Sometimes, The Wheel is on Fire

Sometimes, The Wheel is on Fire

Monday, July 5, 2010

The Fire Spreads

I’ve gone and done it: I’ve joined The Twitter: @WilsonOnFire

I never understood the draw. Twitter appeared to be the poor stepbrother of the Facebook status, with an imposed character limit and no way to directly associate a comment. But now, the benefits are starting to become clear.

On Twitter, you don’t get invitations to join someone’s mafia every five minutes. You can build your audience (as a blogger and aspiring novelist, for instance) beyond your friends and relatives and high school classmates you never liked but accepted as friends anyway because you’re trying to build your audience. And, perhaps most importantly, Facebook is blocked where I work; Twitter isn’t.

10 Reasons You Might Want to Stalk Follow Me on The Twitter
  1. You want more of me. You love The Wheel and hate that I post so infrequently. Since I’m sure to post to Twitter more often than I do here, you’ll get even more of my trademark witTM.
  2. You want less of me. You like my sense of humor, but can only take me in small doses. 140 characters seems about right. And if that’s still too much, you can stop reading halfway through.
  3. You doubt my abilities. You don’t think I can put together a coherent thought in under 140 characters, and want to see this experiment for itself.
  4. You’re sure of my abilities. You know I can’t put together a coherent thought in under 140 characters, and want to watch me crash and burn. You’ve brought popcorn.
  5. You’re lazy. You haven’t gotten off your duff and found yourself an RSS feed, so you never know when I’ve written a new blog post. On Twitter, I will tell you. You don’t even have to get up.
  6. Payback. I’m already stalking following you, and it’s only fair.
  7. To cover all your bases. You’re already stalking following me everywhere else: Blogger, Facebook, work, that little sandwich shop on the corner. In fact, you’re outside my house right now. Rather conspicuous for a federal agent, I must say. And will you leave me alone, already? I wrote that manifesto months ago.
  8. The voices told you to. Specifically, the ones on your voice mail, which sounded a bit like me but with a horrendous Jamaican accent. Ya, mon. Check da tweet, mon.
  9. Everybody’s doing it. I already have as many stalkers followers on Twitter as I do here. Clearly, people will hang on my every word when I use fewer of them. Later, I’m going to jump off a bridge.
  10. The perfect banana bread recipe. I have it; you want it. Maybe someday I’ll post it. Better stalk follow me, just to be safe.
So, go ahead. Stalk Follow me: Or, if that’s not your cup of tea, do what I’ve done for the past year.

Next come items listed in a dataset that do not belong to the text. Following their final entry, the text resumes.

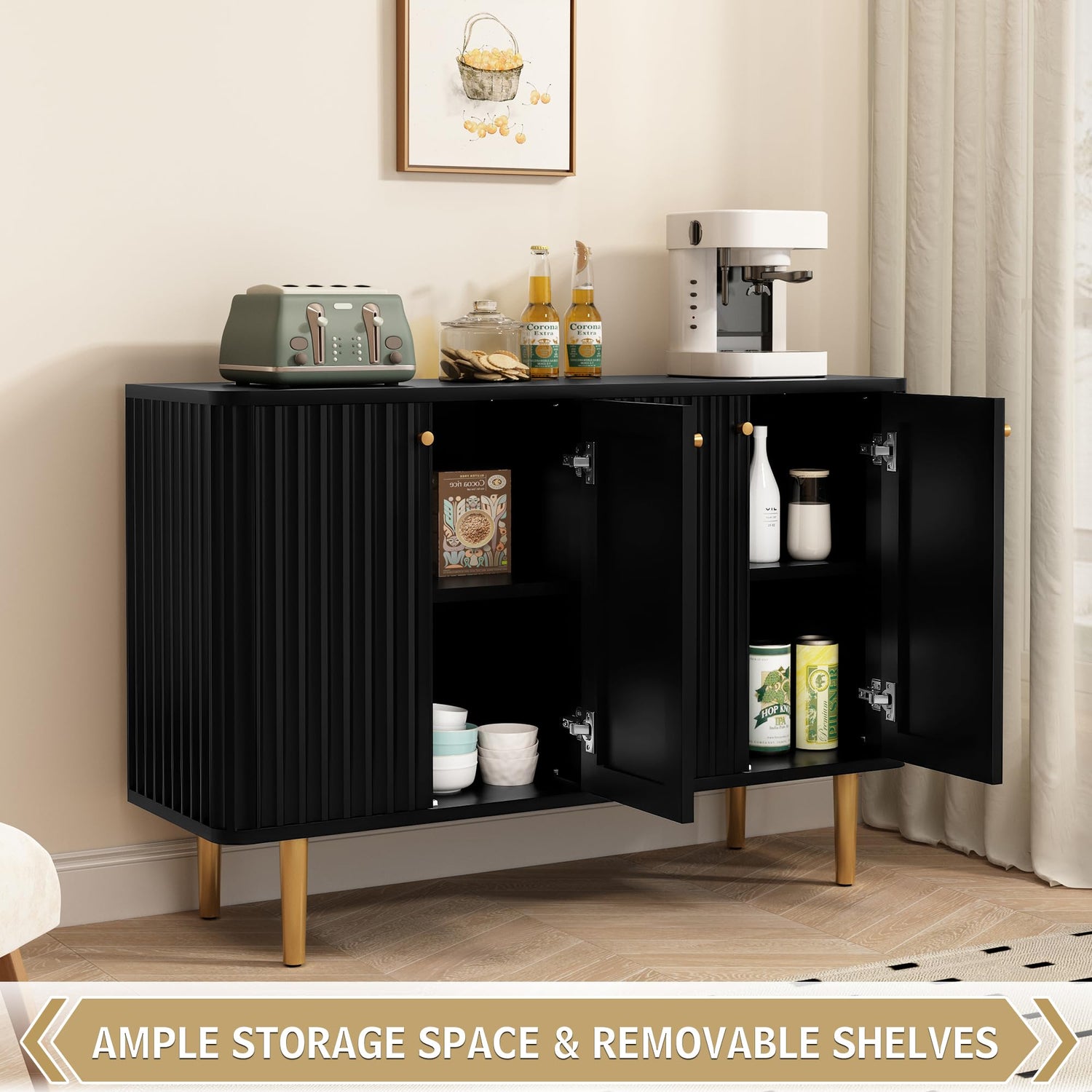 HLR Sideboard Buffet Cabinet, 48" Modern Accent Cabinet with 4 Door and Removable Shelves, Credenza Entryway Cabinet with Storage for Living Room, Dinning Room (Black)
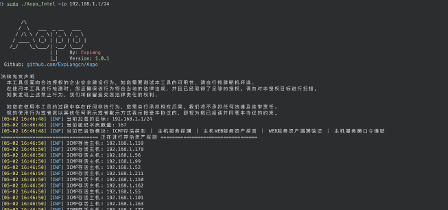 1、扫描内网全部资产 (默认探测:10 A段|172 A段|192 B段)2、指定网段扫描 (支持格式:192.168.1.1|192.168.1.1/24|192.168.1.1/16|192.168.1.1/8|192.168.1.1,192.168.1.2)./Aopo -ip 192.168.1.1/24
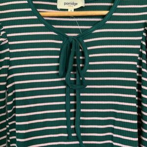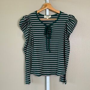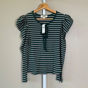 💚🩷 New with Tags Anthropologie Porridge Puff-Sleeve Tie-Front Top 🩷💚
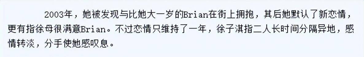 到了2003年,有人发现徐子淇和比她大一岁的Brian在街头抱在一起。
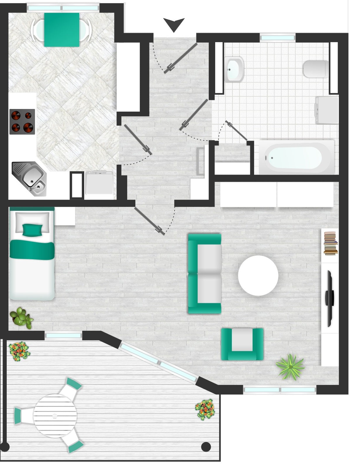 - Jede Wohnung verfügt über einen überdachten Balkon
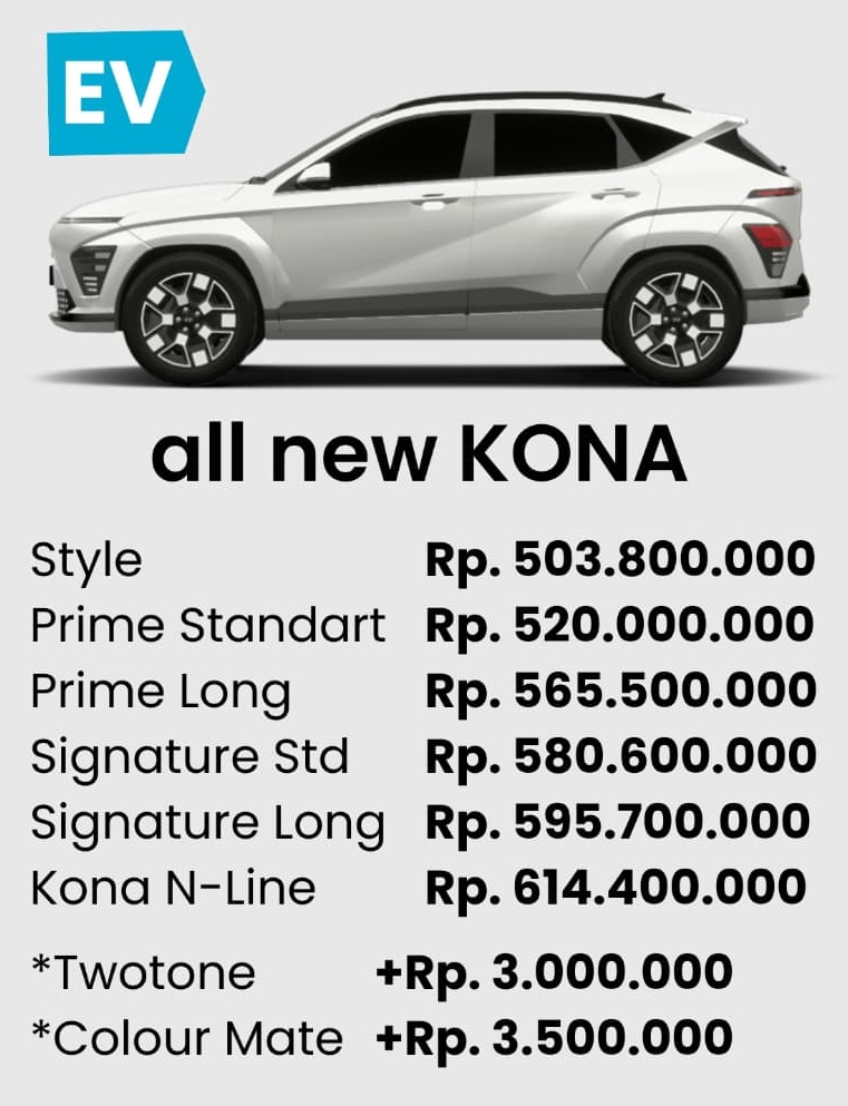 Dapatkan New KONA Electric hanya di dealer resmi Hyundai Arjuna. Untuk informasi lebih lanjut, hubungi Andri, Sales Supervisor Hyundai Arjuna, dan nikmati perjalanan masa depan yang tak tertandingi bersama Hyundai. Segera miliki mobil impianmu sekarang juga

  1. You'll have to convince me. I just don't get twitter. Seems so pointless. What do you actually DO on it? Write a million status updates and expect strangers to reply to you?

    Whoah. That sounded blunt. Didn't mean that to sound so disapproving. :o) But seriously, I'd like to know. Would you like to enlighten me? Pwetty Pwease? *flutters eyelids*

  2. Before I can convince you, I'm going to have to convince myself. I'm still not sold on this whole Twitter business, but I figure a) it's free, and b) there's a chance it'll drive more traffic to my blog. Only a small chance, but a chance nonetheless.

    I consider it a trial run. If this tweeting thing pans out, great! Then I'll be able to enlighten you. If not, then all I've done is waste a little of my time. (Though, I'll also have wasted was other people's time, so it won't be a total loss.)